◆ DATA SHOWN ◆
○ ○ ○ ○

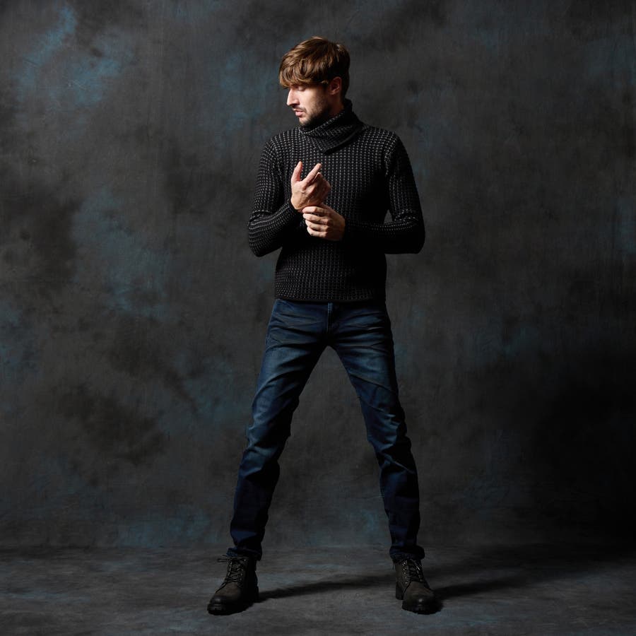 サイズ設定は細身ですが、ストレッチがあるのでストレスフリーに着用頂けます。
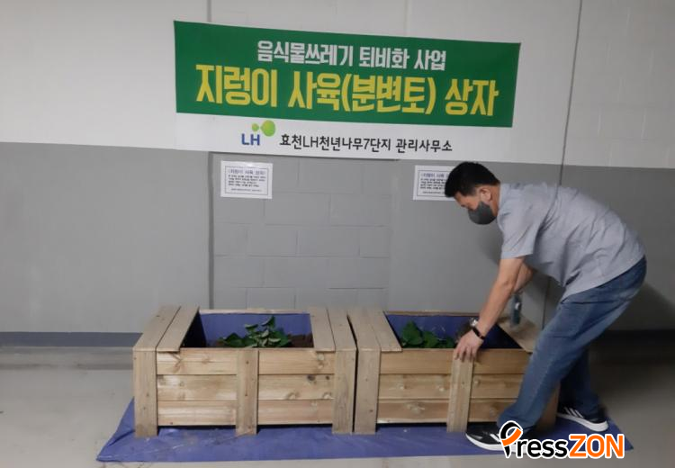 ƯÈ÷ ¾ÆÆÄÆ® ´ÜÁö ³»¿¡ À½½Ä¹° ¾²·¹±â¸¦ ÅðºñÈ ÇÏ´Â Áö··ÀÌ »çÀ° »óÀÚ 2°³¿Í ģȯ°æ ¹ßÈ¿Åë 3°³¸¦ ¼³Ä¡ÇØ Æó±â¹° ¹èÃâ·®À» Å©°Ô ÁÙ¿´´Ù.
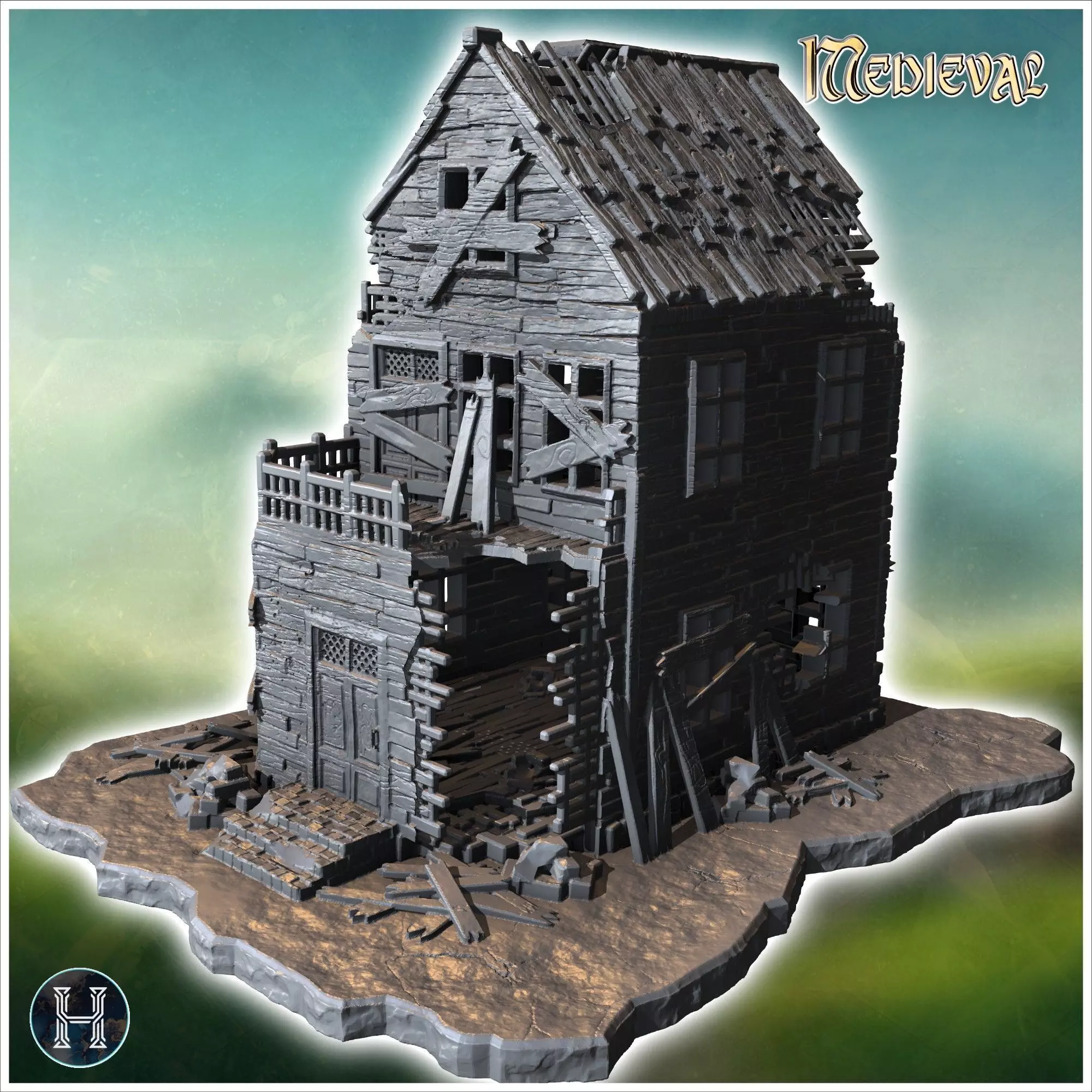 Collapsed two-story wooden structure with broken balcony damaged 3D print model

○ ○ ○ ○

◆ HOW TO COMPLETE THIS TASK ◆
Repeat the listing exactly, minus its pictures.

◆ WRITTEN SOLUTION ◆
 サイズ設定は細身ですが、ストレッチがあるのでストレスフリーに着用頂けます。
 ƯÈ÷ ¾ÆÆÄÆ® ´ÜÁö ³»¿¡ À½½Ä¹° ¾²·¹±â¸¦ ÅðºñÈ ÇÏ´Â Áö··ÀÌ »çÀ° »óÀÚ 2°³¿Í ģȯ°æ ¹ßÈ¿Åë 3°³¸¦ ¼³Ä¡ÇØ Æó±â¹° ¹èÃâ·®À» Å©°Ô ÁÙ¿´´Ù.
 Collapsed two-story wooden structure with broken balcony damaged 3D print model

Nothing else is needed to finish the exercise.